Prostate cancer can vary greatly in how aggressive it is, and knowing this in advance helps doctors decide the best course of treatment. Magnetic resonance imaging (MRI) is often used to detect prostate cancer, but figuring out just how aggressive the cancer is remains tricky.
A new study from researchers at the Champalimaud Foundation (CF) investigated whether artificial intelligence (AI) could analyse MRI scans to reliably tell which cancers are less aggressive and which pose a greater risk. While AI showed promise, its accuracy varied significantly depending on the MRI scanner’s brand.
A Large, Multi-Centre Effort
The researchers gathered over 5,000 MRI scans from multiple hospitals, using different brands of MRI machines (Siemens, Philips, and GE), and, in some cases, a special device called an endorectal coil (ERC) to get clearer images. Each MRI scan was paired with confirmed lab results indicating how aggressive the cancer really was, based on what’s called the ISUP grade. This provided the researchers with a reliable benchmark—essentially the “correct answers”—to evaluate the accuracy of their AI models.
CF contributed patient data from the Champalimaud Clinical Centre, while also playing a key role in developing the AI tools used in the study. As senior author Nickolas Papanikolaou, head of CF’s Computational Clinical Imaging Lab, explains: “As a founding member of the ProCAncer-I Consortium, we had privileged access to a lot of data that made this study possible. CF is not only a data provider for the Consortium but also an active AI developer, advancing research on AI-driven diagnostics for prostate cancer.”
Training AI to Classify Prostate Cancer
The researchers’ main goal was to see if AI models could, on their own, distinguish low-grade from higher-grade tumours by “looking” at the entire prostate in each MRI—without radiologists first having to outline the tumour.
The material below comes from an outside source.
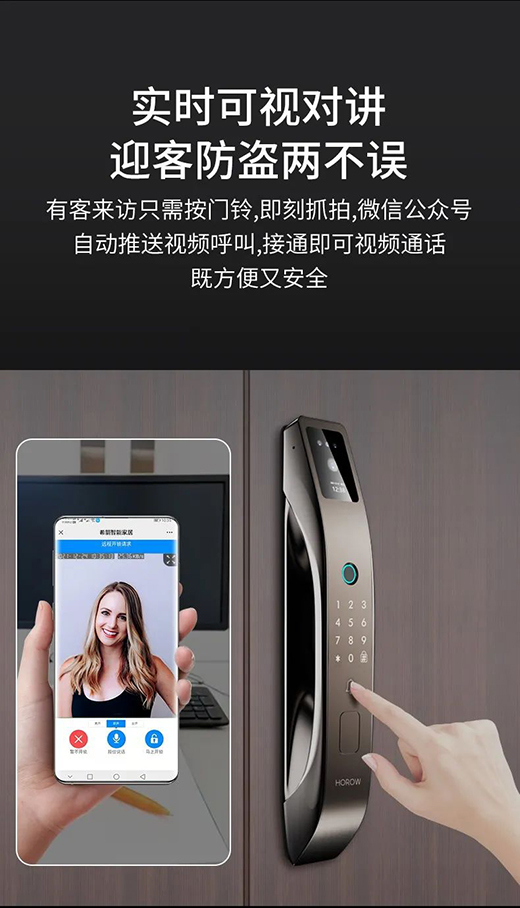 有朋友來家里做客,只需按下門鈴,主人手機就會收到微信公眾號自動推送,主人即可確認訪客身份,可以在鎖連接WIFI的情況下直接進行遠程開鎖,閨蜜好友上門暢通無阻。

They tested different “deep learning” models, from older, simpler ones (like VGG) to newer, more complex “transformers”. They also checked whether adding patient details—such as age and blood test results—would boost the models’ accuracy.
“We then compared how well the models worked when trained on MRIs from one brand of scanner versus data from all brands mixed together”, says Papanikolaou. “We also checked how using or not using the endorectal coil affected the models’ performance”.
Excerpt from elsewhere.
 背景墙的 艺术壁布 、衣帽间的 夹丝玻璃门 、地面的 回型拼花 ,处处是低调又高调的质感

Why Scanner Differences Matter
Overall, the AI models could generally tell low-grade from high-grade prostate cancers fairly well. The best model achieved 73% accuracy when tested on new data that came from the same scanners it had seen during training. However, the brand and setup of the MRI scanner had a clear impact on how well the models performed.
José Almeida, a postdoc at CF and first author of the study, notes: “The main finding of our study is that models did their best when tested on data that came from the same brand/scanner type used for training, but performance often dropped when the model was tested on a different brand or on scans taken with an endorectal coil if it hadn’t seen similar examples during training”.
Almeida continues: “Normally, if your model is performing well, as you increase the data you train it on, its performance improves. Indeed, we found this to be the case when training and testing models on the same brand. But we failed to see this happening when we trained the model on one brand, and tested on another”.
Surprisingly, adding patient details did not consistently improve the model’s ability to spot aggressive cancers. When the model was trained on data from all the different MRI machine brands, the AI performed more reliably across different brands, though endorectal coil scans remained a challenge. While increasing the amount of training data improved performance overall, it still did not completely erase the drop in accuracy when switching between scanner types.
Bigger Isn’t Always Better
Using AI to identify high-risk tumours could help some men with low-risk cancers avoid invasive procedures to determine cancer aggressiveness. Nevertheless, as this study illustrates, MRI scanner brand and the use of special coils can strongly affect performance. A large, multi-centre dataset—like the one used here—is crucial for capturing the realities of clinical practice and ensuring that AI tools deliver reliable results everywhere.
“The models aren’t perfect and could miss some aggressive cancers or flag some non-aggressive ones”, points out Papanikolaou. “Including more detailed or advanced information—like exact tumour locations or additional patient data—might further increase accuracy”. He also notes that because the data mostly came from European centres, it is unclear how well the models would perform in more diverse populations.
Almeida underscores the need for broader collaboration: “A large-scale study across the globe where doctors use these AI tools in real time will be essential to see how well they work in practice. We need to increase the diversity of test data, and motivate multi-centric studies. Big data does not solve the issues of low-diversity data!”.